A lifelong ambassador for American folk music and America's favorite pastime, McCutcheon presented a varied program. His love for the sport was reflected in several selections from his 2008 CD "Sermon on the Mound," an all-baseball collection.

"Talking Yogi Talk" is one of his originals, where he strings together a couple dozen of Yogi Berra's famous quotes-such as "you can observe a lot just by watching."

"The first thing in my life I ever did right was baseball," wrote McCutcheon on the CD notes. "From the second thing in my life I ever did right...I offer some small love songs for baseball, for hometowns, for fathers and sons, for those small things we each try to do right in this life."

The joy of fathers and sons playing catch was reflected in his heart-rending poem, "Catch," which he recited at the NY Mills concert.

A Wisconsin native, he was a Braves fan-back in the day before they moved to Atlanta. But he was excited about the cross-state rivals, the Twins, and the new era of outdoor baseball.

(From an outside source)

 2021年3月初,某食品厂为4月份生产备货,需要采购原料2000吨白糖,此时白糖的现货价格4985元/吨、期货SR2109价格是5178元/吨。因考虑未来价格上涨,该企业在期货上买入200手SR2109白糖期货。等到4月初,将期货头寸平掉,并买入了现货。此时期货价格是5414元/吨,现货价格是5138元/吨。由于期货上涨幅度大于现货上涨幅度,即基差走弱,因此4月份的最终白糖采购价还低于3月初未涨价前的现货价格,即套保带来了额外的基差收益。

Like the best folk singers, McCutcheon blended upbeat and downbeat themes; along with some tactful and timely social commentary.

One of his songs was inspired by the mining disaster in West Virginia earlier this month.

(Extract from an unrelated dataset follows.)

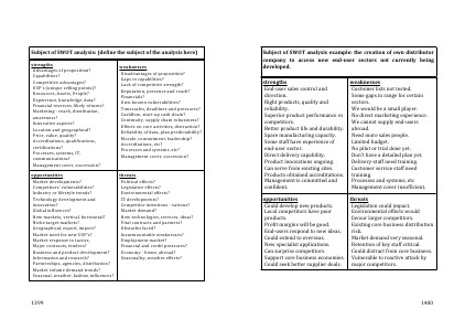 Subject of SWOT analysis: (define the subject of the analysis here)

Another was a Woody Guthrie song about "Pretty Boy Floyd," the Depression-era bank robber who tossed hundred dollar bills to poor farmers in Oklahoma. The "Robin Hood" theme was appropriate in the wake of the worst economic crisis since the Depression. He described Robin Hood's actions, stealing from the rich and giving to the poor, as "the original economic stimulus package...At least the money was moving in the right direction-down."

Chuckling about his idiosyncrasies and attention deficit disorder, McCutcheon said "I grew up in a time before Ritalin...Imagine if I did have Ritalin-I might have become an investment banker...and who would have thought that today, a musician has more money than an investment banker."

One of his more unusual songs tells the story of the Christmas Eve "truce" that occurred in the trenches of World War I, where German and British soldiers celebrated Christmas together during the first bloody year of the war, in 1914.

This song, in part, resulted in a meeting between McCutcheon and the last living World War I veteran, who was 108 years old.

The song was an opportunity to invite the audience to Flanders, in Belgium, in 2014-when the government hosts a centennial observance of the Christmas Eve truce.

A gifted instrumentalist, McCutcheon performed on banjo, guitar, piano and the unusual "hammer dulcimer" which traces its origin to Persia, now Iran.

The string instrument is played with mallets, which strike the strings similar to a piano.

In step with his varied program, McCutcheon performed an unexpected selection on the rare instrument. Appropriately, it also projected an air of patriotic optimism for America: A John Phillips Sousa march, "Under the Double Eagle."